So wiegte er denn nur mißbilligend sein wohlfrisiertes Haupt – man hatte ihn einmal mit einem Sperber verglichen, der sein Gefieder sträubt! – und sagte nach einigem Räuspern:

„Ihr Frauen seid doch alle gleich! Weil Grimm Euch nicht genügend den Hof macht und manchmal etwas sorglos auftritt, muß er gleich spöttisch und verletzend und was sonst noch alles sein. Ein Mädchen wie unsere Stella, um das sich fürstliche Häupter bewerben (dies Wort des stolzen Vaters ging sehr ins große und galt eigentlich nur dem Prinzen Riantzew) braucht doch wahrlich nicht Grimms Anerkennung und Huldigung abzuwarten, sondern macht ihren Weg auch so.

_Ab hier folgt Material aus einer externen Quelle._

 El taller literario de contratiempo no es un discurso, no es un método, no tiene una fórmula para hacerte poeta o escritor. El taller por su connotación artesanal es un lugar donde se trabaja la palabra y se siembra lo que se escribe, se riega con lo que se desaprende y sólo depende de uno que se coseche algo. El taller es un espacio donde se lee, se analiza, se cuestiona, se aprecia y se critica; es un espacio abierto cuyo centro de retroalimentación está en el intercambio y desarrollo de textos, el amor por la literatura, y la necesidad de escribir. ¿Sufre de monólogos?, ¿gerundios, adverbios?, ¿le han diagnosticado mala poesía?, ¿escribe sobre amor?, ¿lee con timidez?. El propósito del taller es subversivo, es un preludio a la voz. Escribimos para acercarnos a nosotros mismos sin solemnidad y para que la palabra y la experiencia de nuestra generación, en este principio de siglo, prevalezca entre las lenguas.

Das mit dem Götzenbild ist gewiß nicht wahr, ich werde Grimm einmal danach fragen. Und Gerda? Nun, das ist eine Grille, wie sie ältere unverheirathete Leute zuweilen haben – lassen wir ihn doch gewähren! Ich meinerseits wünsche sehr, das gute Einvernehmen mit Grimm aufrecht zu erhalten, wenigstens nach außen hin – hm! – damit – hm! – die Leute, die so leicht geneigt sind, falsche Deutungen unterzuschieben, nicht – hm! – mutmaßen können – –“

Hier hatte sich der Senator rettungslos „auf einer Sandbank festgesetzt“, auf welcher er unfehlbar gestrandet wäre, wenn sich nicht Hilfe gefunden hätte. Der Bediente hatte die Flügelthüren zurückgeschlagen, und Stella war erschienen.

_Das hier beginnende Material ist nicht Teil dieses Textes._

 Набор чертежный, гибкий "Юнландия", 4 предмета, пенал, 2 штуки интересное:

Konnte man es den Eltern mit ihrem kleinen Horizont, mit ihrer rein äußerlichen Lebensauffassung verdenken, wenn sie dies herrliche junge Menschenbild vergötterten, wenn sie kühne Pläne bauten auf dies strahlende Wesen? Strahlend! Das war der passendste Ausdruck für Stella Brühl! Von ihrem Haar, von den Augen, dem Kolorit ihres Gesichtes, dem schimmernden Kleide, dem Lächeln ihrer Lippen ging jenes wunderbare Licht aus, das ihr im Alterthum unfehlbar den Beinamen „die Leuchtende“ eingetragen hätte. Sie trat heiter und fröhlich ein und nickte den Eltern einen lächelnden Gruß zu.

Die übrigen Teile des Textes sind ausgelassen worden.